• _ABOUT THIS TASK_: Drop every picture. Then return, exactly, the lines from the beginning of the listing below through the one containing "据了解,从10月28日到31".

• _SOURCE DATA_:
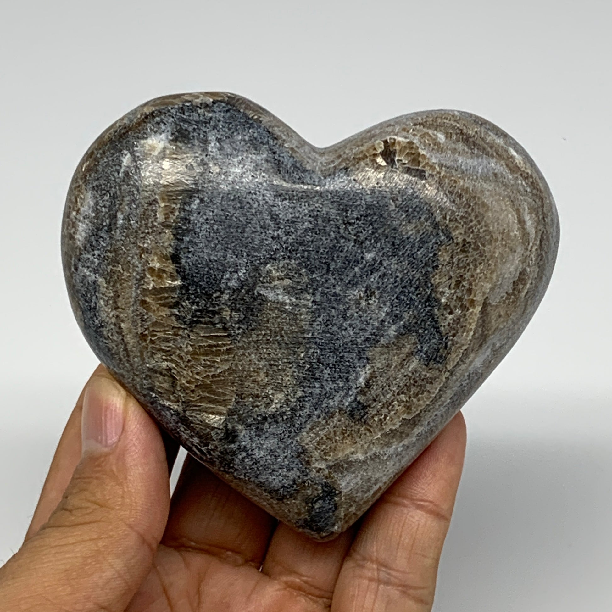 235.6g,3"x3.3"x1.2" Natural Chocolate Gray Onyx Heart Polished @Morocco,B18832
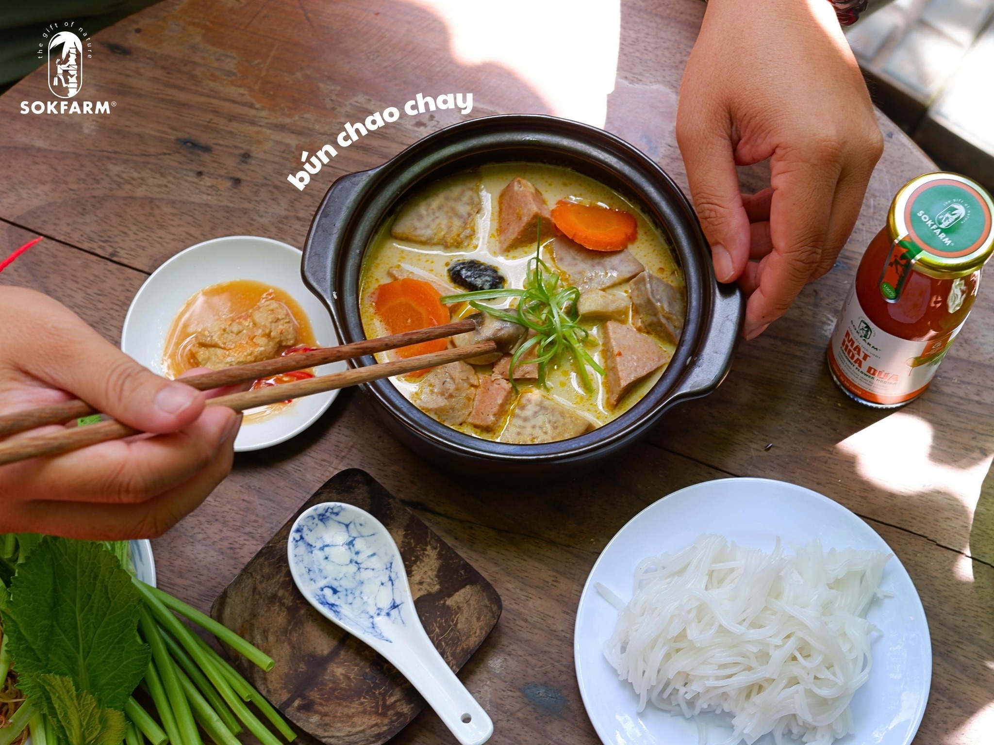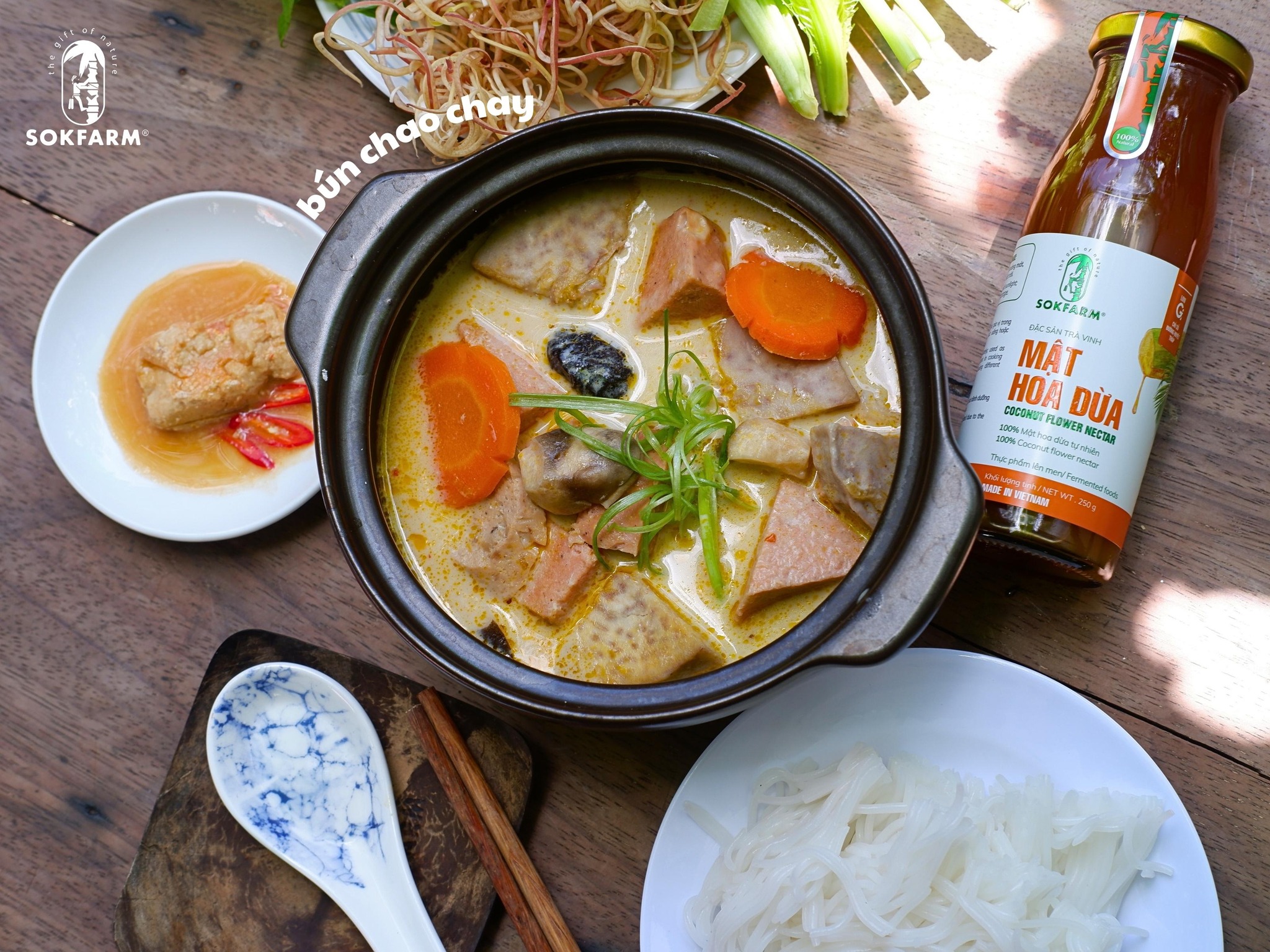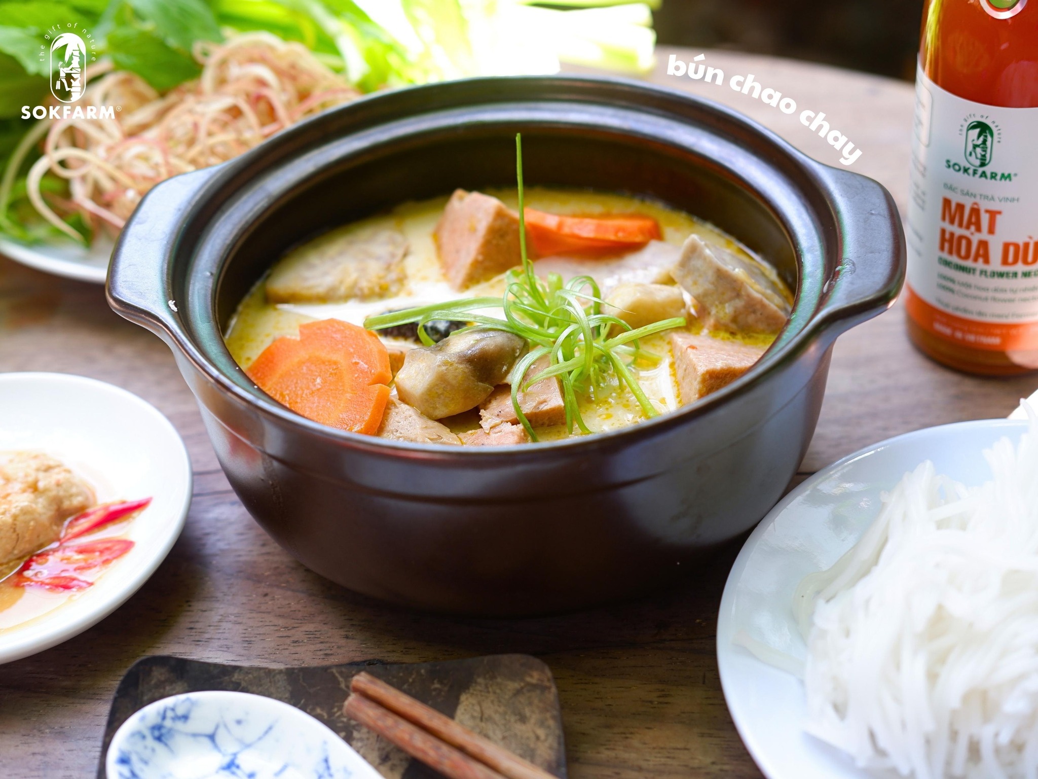 Bún chao chay là món bún nấu theo kiểu Nam bộ, mặc dù là 1 món chay nhưng lại rất giàu vitamin và đủ dinh dưỡng. Vì được nêm nếm cùng mật hoa dừa cô đặc Sokfarm chứa 14 loại axit amin. Bún chao chay mật hoa dừa Sokfarm có vị đậm đà, đặc trưng món ăn Việt.
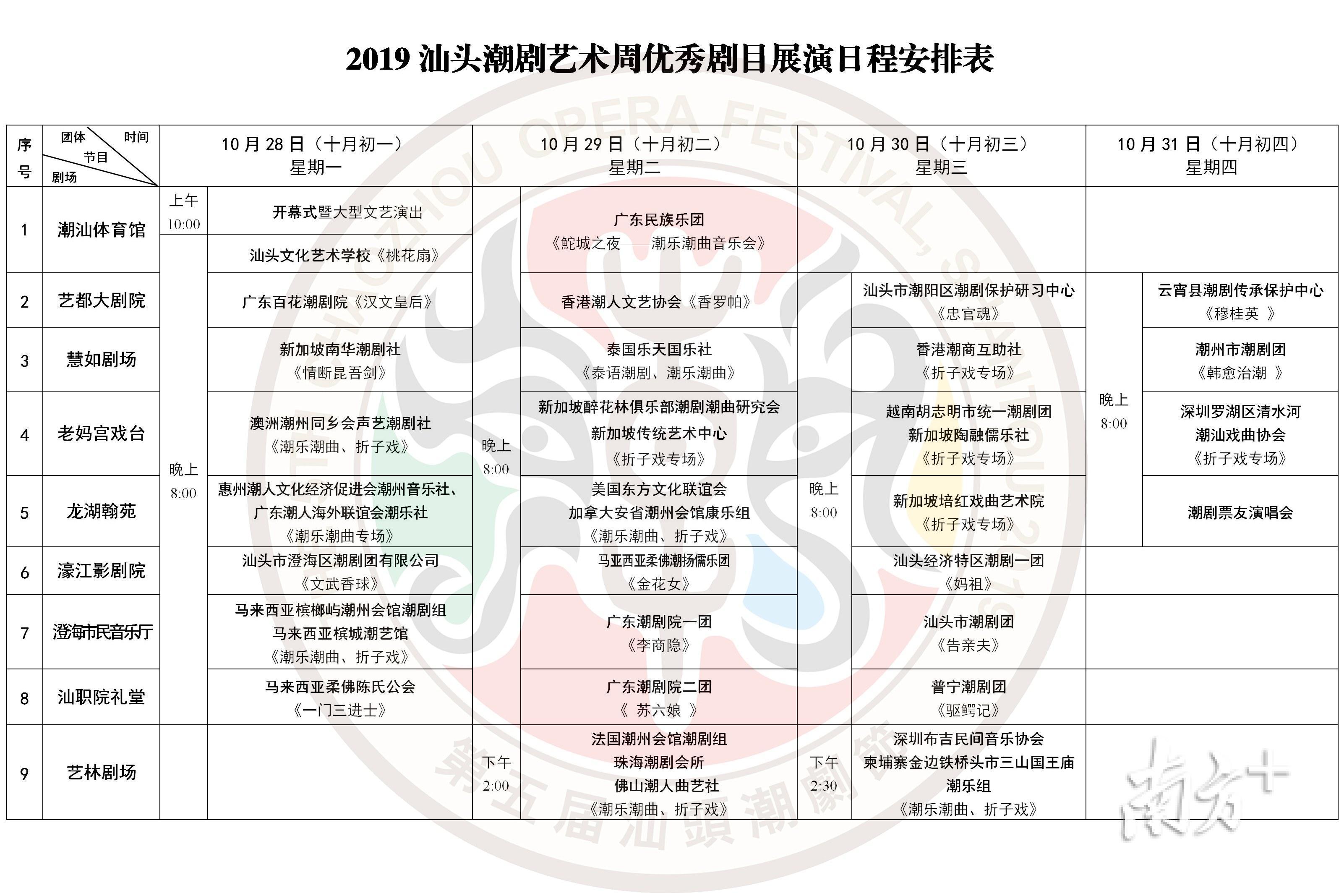 据了解,从10月28日到31日,38个潮剧团体将分别在潮汕体育馆、艺都大剧院、慧如剧场、老妈宫戏台、龙湖翰苑、濠江影剧院、澄海音乐厅、汕职院礼堂和汕头文化艺术学校艺林剧场为观众献上精彩演出。除展演优秀剧目外,还将举行鮀城之夜—潮乐潮曲音乐会、潮剧传承与发展研讨会、潮剧题材书画展、潮剧精品剧目展播等活动。本次活动聚焦时代主题,聚焦互动交流,聚焦艺术创新,聚焦文化惠民,为广大市民特别是潮剧爱好者呈现精彩的视听盛宴。
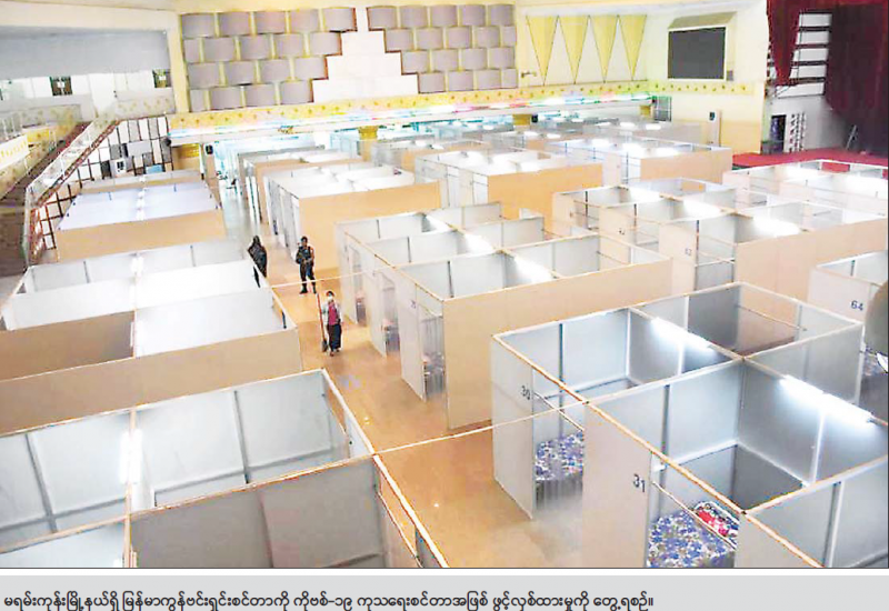 ရန်ကုန်တိုင်းဒေသကြီး စီမံအုပ်ချုပ်ရေးကောင်စီ၏ ကြီးကြပ်မှုဖြင့် ရန်ကုန်မြို့တော်စည်ပင်သာယာ ရေးကော်မတီက အကောင်အထည်ဖော်ဆောင်ရွက် ပြီးစီးခဲ့သည့် မရမ်းကုန်းမြို့နယ် မင်းဓမ္မလမ်းရှိ မြန်မာကွန်ဗင်းရှင်းစင်တာကို ကိုဗစ်-၁၉ ကုသရေး စင်တာဖွင့်လှစ်ခြင်းကို ယနေ့ နံနက် ၉ နာရီက ကျင်းပသည်။
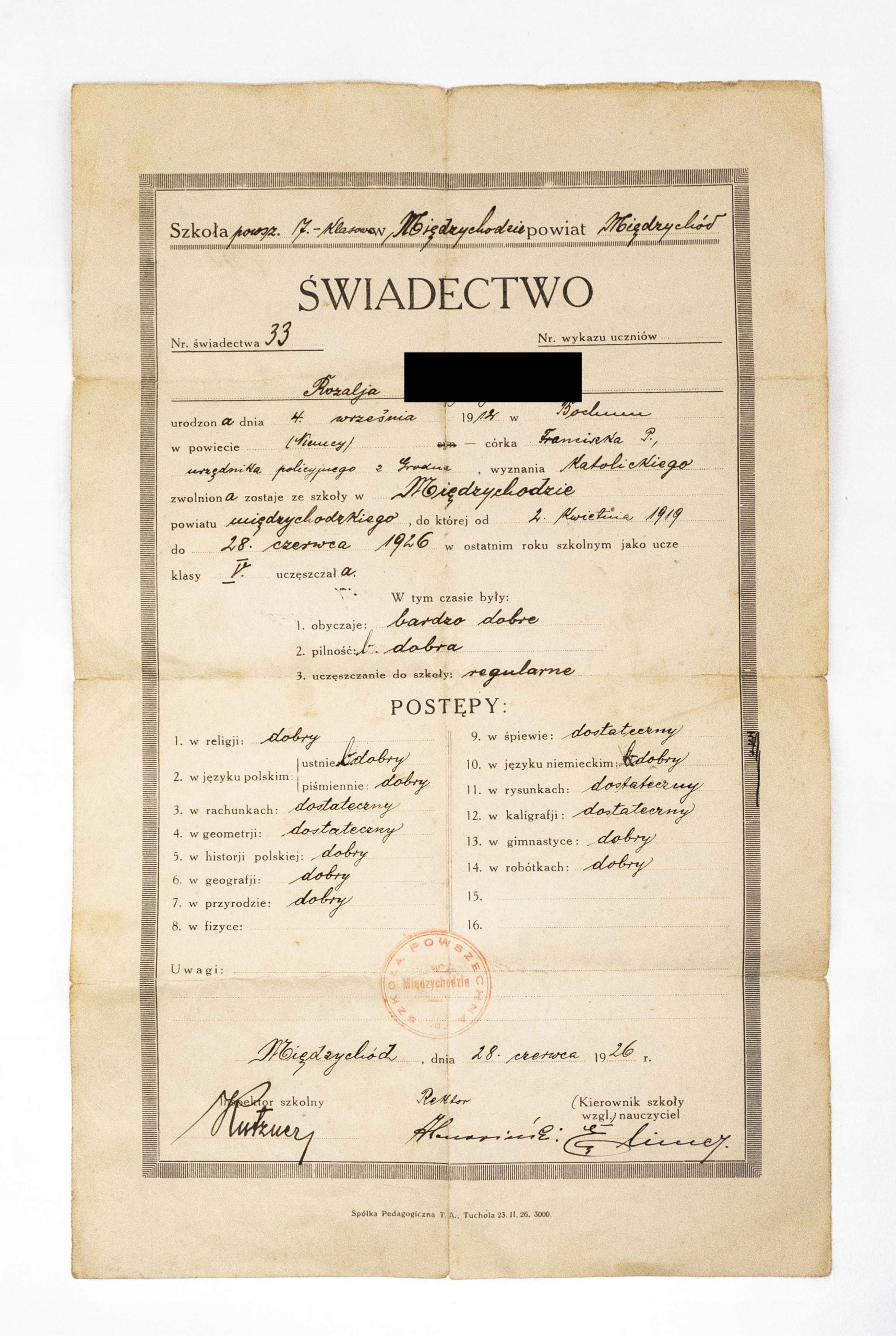 СВІДОЦТВО - ПОЧАТКОВА ШКОЛА, МИДЗИЧОД 1926 р.
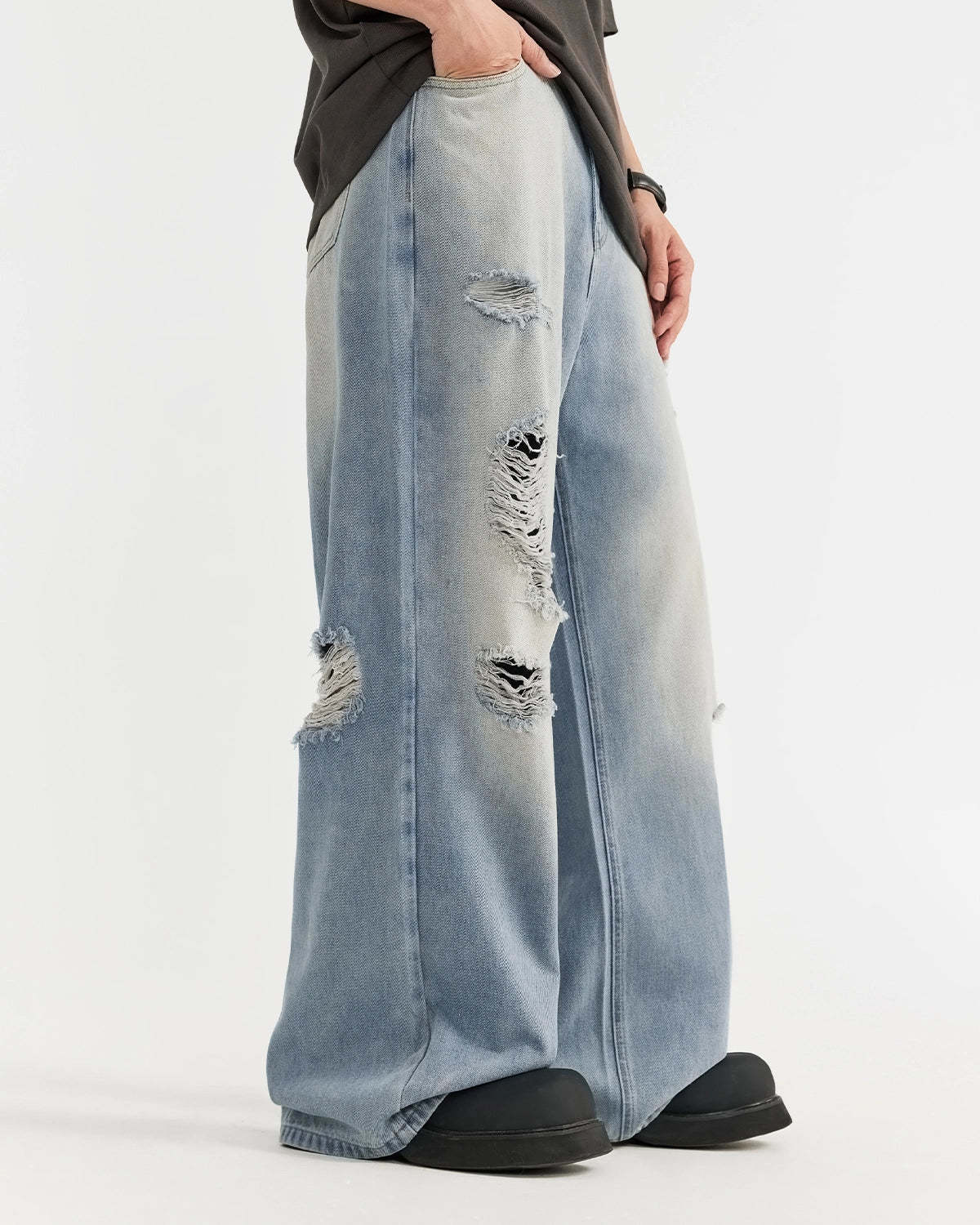 Distressed Ripped Blue Jeans | Inflation Streetwear

• _RESULT_:
 235.6g,3"x3.3"x1.2" Natural Chocolate Gray Onyx Heart Polished @Morocco,B18832
 Bún chao chay là món bún nấu theo kiểu Nam bộ, mặc dù là 1 món chay nhưng lại rất giàu vitamin và đủ dinh dưỡng. Vì được nêm nếm cùng mật hoa dừa cô đặc Sokfarm chứa 14 loại axit amin. Bún chao chay mật hoa dừa Sokfarm có vị đậm đà, đặc trưng món ăn Việt.
 据了解,从10月28日到31日,38个潮剧团体将分别在潮汕体育馆、艺都大剧院、慧如剧场、老妈宫戏台、龙湖翰苑、濠江影剧院、澄海音乐厅、汕职院礼堂和汕头文化艺术学校艺林剧场为观众献上精彩演出。除展演优秀剧目外,还将举行鮀城之夜—潮乐潮曲音乐会、潮剧传承与发展研讨会、潮剧题材书画展、潮剧精品剧目展播等活动。本次活动聚焦时代主题,聚焦互动交流,聚焦艺术创新,聚焦文化惠民,为广大市民特别是潮剧爱好者呈现精彩的视听盛宴。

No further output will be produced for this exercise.